MILWAUKEE -- Supporters of the Milwaukee Streetcar said that a Republican budget deal that limits funding for the project will have no impact on the system, which now has an operator in place.
The city has signed a $3.6 million per year deal with Transdev Services Inc. to run the streetcar. The Lombard, Illinois-based company operates rail systems in Detroit, Cincinnati and New Orleans.
City officials made the Transdev agreement public on the same day that legislative Republicans reached a budget deal that puts limits on how the city can pay for the streetcar. Milwaukee could not use money from its tax-incremental financing districts or state transit aid to operate the system, and Milwaukee County would be prohibited from spending money on the streetcar's operations.

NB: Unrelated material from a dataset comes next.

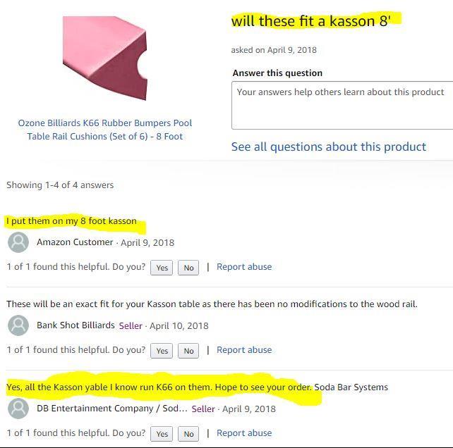 billiardsforum on 1/13/2021 4:46:13 AMI found three sources that say Kasson pool tables used a K-66 cushion profile:

Milwaukee Ald. Bob Bauman, a longtime supporter of the project, said the restrictions would have no effect.
"They stopped us from doing something we had no intention of ever doing," Bauman said. "They seem to have a real hard spot for anything to do with rail. I don't understand it -- it's almost a religious zeal."
Bauman said supporters had never considered using tax-incremental financing to pay for operating costs. The city had not relied on state transit aids for the project either, he said.

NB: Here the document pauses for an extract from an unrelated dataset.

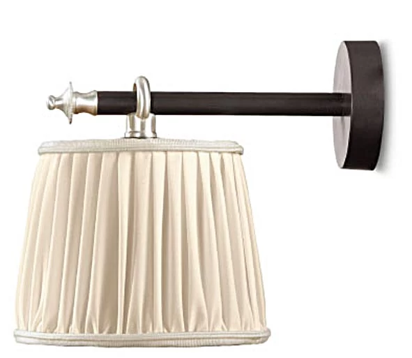 Cette très belle applique Joseph L en bronze vieil antiquaire est constituée d’un support mural cylindrique, poursuivi par un bras horizontal, portant l’abat-jour et décoré à son extrémité par un ornement en pointe. L’élément métallique vertical est joliment relié au bras par une bride en boucle. L’abat-jour est tendu de soie ivoire plissée. Parmi les options de commande ci-dessous, cette applique est également disponible dans sa version Joseph H, où l’abat-jour est placé au-dessus de du bas horizontal.

Mayor Tom Barrett also appeared to blame the GOP's move on politics.
"Despite the fact that the state is not funding the Milwaukee Streetcar, there are members of the legislature who don’t like the project," Barrett said in an emailed statement. He said he had asked the city attorney to review the restrictions.

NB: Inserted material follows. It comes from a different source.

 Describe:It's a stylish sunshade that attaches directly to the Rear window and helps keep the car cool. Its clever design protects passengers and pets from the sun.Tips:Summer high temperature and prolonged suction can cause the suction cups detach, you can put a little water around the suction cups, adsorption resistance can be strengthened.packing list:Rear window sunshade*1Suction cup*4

The Legislature's budget committee approved the transportation agreement on a 12-4 vote late Tuesday, with all Republicans voting in favor and all Democrats against it. The budget still needs approval in the full Assembly and Senate.
While construction of the streetcar's initial phase and a second Lakefront line are fully funded through a combination of federal TIGER grants and local tax-incremental financing, proposed expansions face an uncertain future.
The city failed to get a $20 million federal grant last summer for the planned Fourth Street expansion. Milwaukee is less likely to get federal grants under President Donald Trump's administration, which has proposed cutting the TIGER program.
Critics, including Ald. Mark Borkowski, point out that the streetcar's $3.5 million annual operating budget will hit as the city struggles to pay for police and firefighters.
"This ship has sailed, but I don't know where more revenue is going to come for supposedly, extensions," Borkowski said. "The future does not bode well."
Construction of the initial two phases is estimated to cost $128.1 million. The first line, which will take riders from the Milwaukee Intermodal Station to the Lower East Side, is scheduled to be operational in fall 2018. A line running to Milwaukee's Lakefront is scheduled to start running in 2019.